Tuesday, June 26, 2012

Digital Marketing

Digital marketing is a term that has been around for quite awhile but hasn’t been very well defined, encompassing things like banner advertising, search engine optimization (SEO) and pay per click. Yet, this is too narrow of a definition. What about email, RSS, voice broadcast, fax broadcast, blogging, podcasting, video streams, wireless text messaging, and instant messaging? You get the idea.

Think of regular media as a one-way street where you can read a newspaper or listen to a report on television, but you have very limited ability to give your thoughts on the matter. Digital media, on the other hand, is a two-way street that gives you the ability to communicate too. Digital marketing is the use of digital sources based on electronic signal like Internet, digital display advertising and other digital media such as television, radio, and mobile phones in the promotion of brands and products to consumers.
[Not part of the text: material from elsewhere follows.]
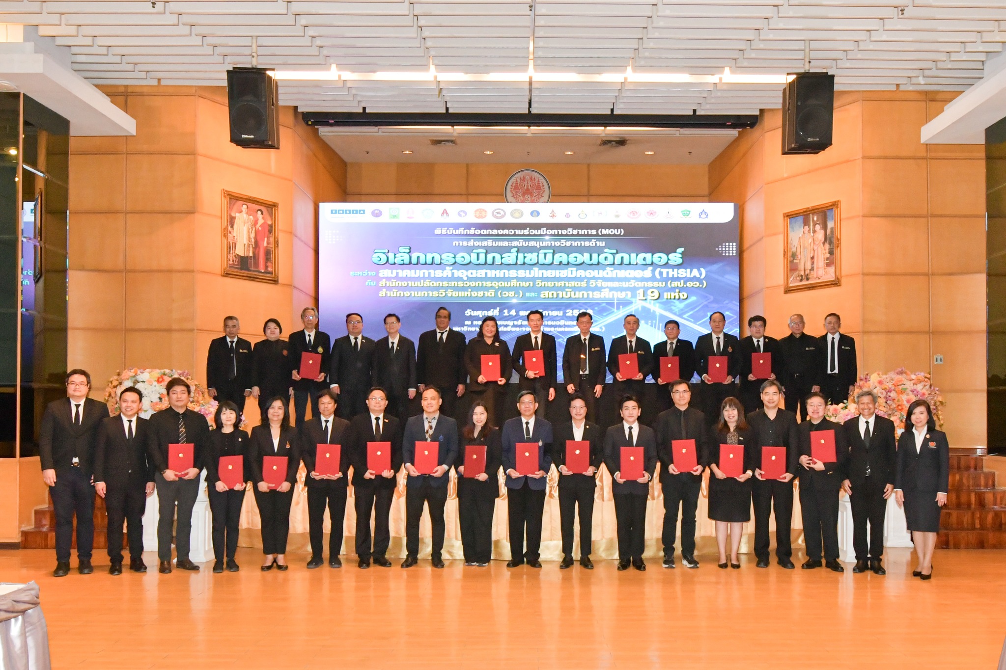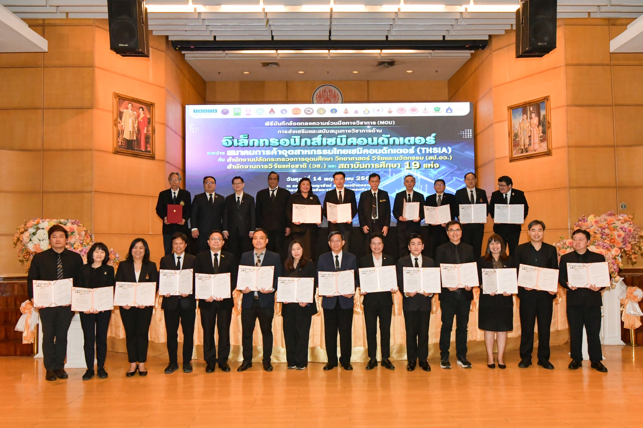 เมื่อวันที่ 14 พฤศจิกายน 2568 หน่วยบริหารและจัดการทุนด้านการพัฒนากำลังคน และทุนด้านการพัฒนาสถาบันอุดมศึกษา การวิจัยและการสร้างนวัตกรรม (บพค.) กระทรวงการอุดมศึกษา วิทยาศาสตร์ วิจัยและนวัตกรรม (อว.) โดย ดร.ณิรวัฒน์ ธรรมจักร์ ผู้อำนวยการ บพค. เข้าร่วมเป็นสักขีพยานพิธีลงนามบันทึกข้อตกลงความร่วมมือทางวิชาการ (MOU) ระหว่าง สำนักงานปลัดกระทรวงการอุดมศึกษา วิทยาศาสตร์ วิจัยและนวัตกรรม สมาคมการค้าอุตสาหกรรมไทยเซมิคอนดักเตอร์ (Thai Semiconductor Industry Trade Association: THSIA) สำนักงานการวิจัยแห่งชาติ (วช.) และ 19 มหาวิทยาลัยเครือข่ายทั่วประเทศ ณ หอประชุมเบญจรัตน์ อาคารนวมินทรราชินี มหาวิทยาลัยเทคโนโลยีพระจอมเกล้าพระนครเหนือ (มจพ.)

Digital marketing may cover the more traditional marketing areas such as Direct Marketing by providing the same method of communicating with an audience but in a digital fashion.

What exactly is the Social Media?

Social media describes websites that allow users to share content, media, etc. Common examples are the popular social networking sites like Friendster, Facebook, MySpace, etc. Social media also includes YouTube, Photobucket, Flickr, and other sites aimed at photo and video sharing. News aggregation and online reference sources, examples of which are Digg and Wikipedia, are also counted in the social media bucket. Micro-blogging sites such as twitter can also be included as social media. The best way to define social media is to break it down. Media is an instrument on communication, like a newspaper or a radio, so social media would be a social instrument of communication.

In Web 2.0 terms, this would be a website that doesn't just give you information, but interacts with you while giving you that information. This interaction can be as simple as asking for your comments or letting you vote on an article, or it can be as complex as Flixster recommending movies to you based on the ratings of other people with similar interests.

History of the Internet

The history of the Internet began with the development of computers in the 1950s. This began with point-to-point communication between mainframe computers and terminals, expanded to point-to-point connections between computers and then early research into packet switching. Packet switched networks such as ARPANET, Mark I at NPL in the UK, CYCLADES, Merit Network, Tymnet, and Telenet, were developed in the late 1960s and early 1970s using a variety of protocols. The ARPANET in particular led to the development of protocols for inter-networking, where multiple separate networks could be joined together into a network of networks.